How to Recover From Lapses
The single most important skill in long-term family devotions is recovering from breaks. The families that maintain a practice over decades are not the ones who never lapse. They are the ones who treat lapses as ordinary and start again without shame.
A useful one-line motto: we begin again, today, with whatever passage we left off at, for as long as we can. No catch-up reading marathons. No guilt prayers. Just opening the book.
A five-minute habit, done badly but consistently, is more valuable than a forty-minute habit that never starts.
Frequently Asked Questions
How long should a family devotional last?
Five to ten minutes for a starter habit. Many families settle into fifteen to twenty minutes over time, especially with older children, but starting longer almost always kills the practice. Length is a function of sustained interest, not parental ambition.
What age should kids start family devotions?
Any age. With toddlers, the goal is exposure to the rhythm. With elementary-age kids, it is participation. With teenagers, it shifts toward co-reading. There is no right starting age, only a right starting size.
What if my kids do not want to participate?
Shorten the time. Use a story Bible they actually like. Let them ask questions, including hard ones. If resistance persists, talk to them about it directly: ask what would make this less painful. Often the answer is shorter, more discussion, less lecture.
Are family devotionals biblical?
Deuteronomy 6:4–9 is the clearest passage: parents are told to teach the words of God to their children when they sit at home, when they walk along the road, when they lie down, and when they get up. The form is not specified, but the priority is unambiguous. Family devotions are one specific application of that ancient instruction.

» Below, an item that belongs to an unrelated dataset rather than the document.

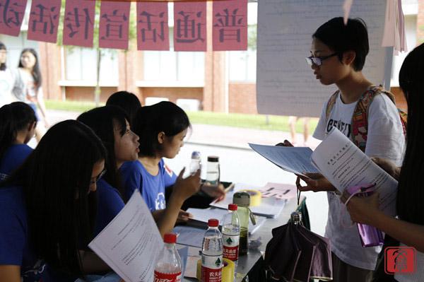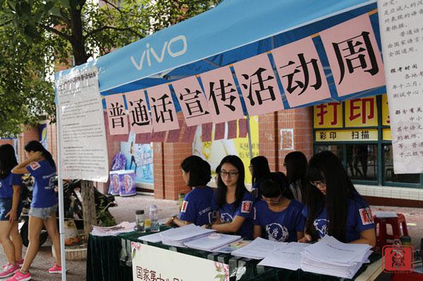 2015年9月15日下午两点,我院为了响应国家第十八届普通话推广周,同时让全院师生更多地了解《国家通用语言文字法》和《普通话水平测试》的相关知识,在雅悦超市旁设立了摆摊咨询点,以方便各位师生到场进行咨询。本次活动受到了学院领导的重视,教务处源国伟处长、郭庆潮老师、华商文学院文学系尹康庄主任、文学系团总支学生分会唐志壕书记莅临现场指导。

How often should we do family devotions?
Daily is the ideal but rarely the reality. Three to four times a week consistently is excellent. Once a week, well done, is better than daily attempts that nobody enjoys. Frequency matters less than the family's sense that the practice exists.
Do I need a curriculum?
No, but a good one helps. The starter plan in this article is enough for the first week. A simple cycle through one Gospel, then a psalm a day, then a New Testament letter, will carry a family for a year. If you prefer printed curriculum, ask your church or a trusted bookstore for recommendations appropriate to your children's ages.
What if my spouse will not participate?
Lead anyway. Many devotional habits start with one parent and grow. A short, joyful practice that the non-participating spouse can observe is more likely to draw them in than a guilt campaign.
Conclusion
Family devotionals will not look like the curated images in Christian magazines. They will be loud, occasionally annoying, frequently interrupted, and overwhelmingly worth it.
The point is not perfection. The point is that, week after week, the children grow up in a home where the Bible is opened and prayer is real. If the only thing your family ever does is read one psalm and pray for one person, three times a week, you will have done more spiritual formation in your home than most kids ever experience anywhere.